そして昨年質問のあった腹圧について説明がされていました。体幹筋の収縮様式として息を吐いてお腹をへこませる「ドローイン」、息を吸ってお腹を膨らませる「ブレーシング」の紹介がありました。「ブレーシング」は、ローカル筋(深層筋)に加えグローバル筋(表層筋)を動員し、スポーツ動作時に強固な安定性を得ることができ、一方の「ドローイン」はローカル筋(深層筋)を使用し姿勢の維持に重要とのことで、その両者を習得することにより様々な競技局面で使い分けられることが重要であるとのことでした。

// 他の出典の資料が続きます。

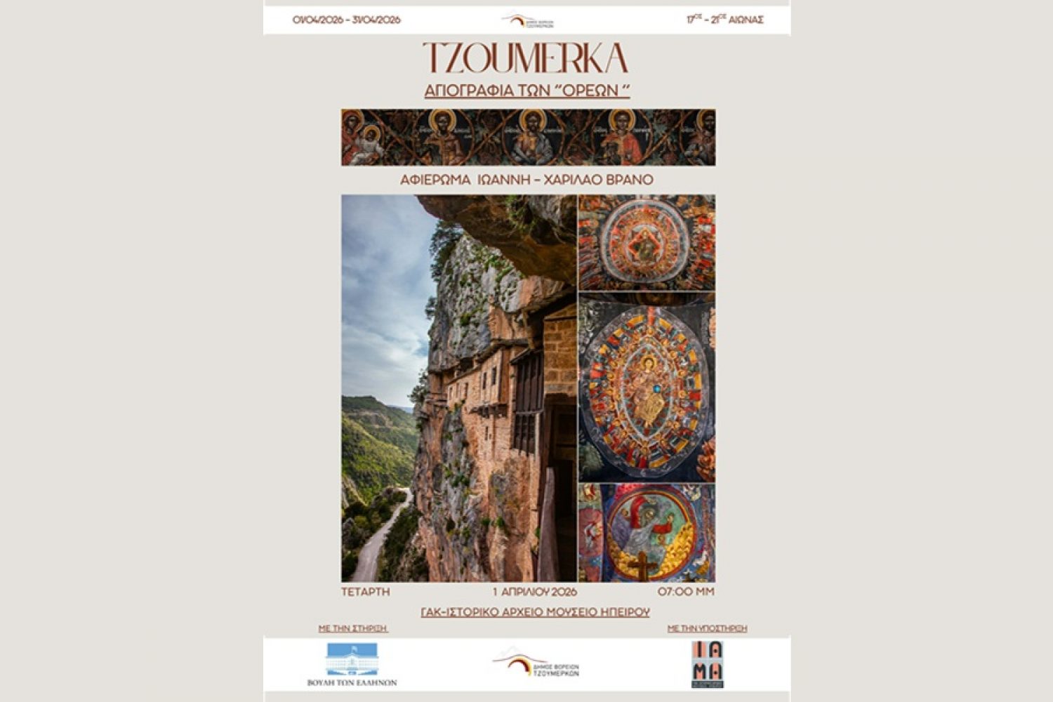Τα εγκαίνια της έκθεσης «Tzoumerka – Αγιογραφία των “Ορέων”» θα πραγματοποιηθούν την Τετάρτη 1 Απριλίου, στις 7 το απόγευμα. Η εκδήλωση θα ανοίξει με χαιρετισμούς και ένα καλωσόρισμα του δημάρχου Βορείων Τζουμέρκων Νίκου Βαΐτση. Θα ακολουθήσουν εισηγήσεις από τον προϊστάμενο Εφορείας Αρχαιοτήτων Θεσπρωτίας και αναπληρωτή προϊστάμενο Εφορείας Αρχαιοτήτων Ιωαννίνων Ιωάννη Χουλιάρα και τον αρχαιολόγο π. Γρηγόριο Μανόπουλο, ενώ στη συνέχεια ο Μιχάλης Χ. Βράνος θα παρουσιάσει το αφιέρωμα στον Χαρίλαο Ιωάννη Βράνο. Το πρόγραμμα περιλαμβάνει επίσης την εισήγηση της εντεταλμένης συμβούλου Πολιτισμού του Δήμου Βορείων Τζουμέρκων Ελισάβετ Μπούτσορα, ενώ έχει προβλεφθεί και χρόνος για συζήτηση με το κοινό.

最後に、ドローインを含む体幹トレーニングやスクワットなどの正しい方法を実践しました。特にスクワットでは、踵の下に台を置き足趾に力を入れ重心を前方に促したり、股関節に指がはいるくらい曲げる(ヒンジスクワット)などのわかりやすい説明もありました。

終わりに、再度、姿勢が良い ⇒ 効率の良い動き ⇒ 障害予防 ⇒ パフォーマンスの向上に繋がることを強調されました。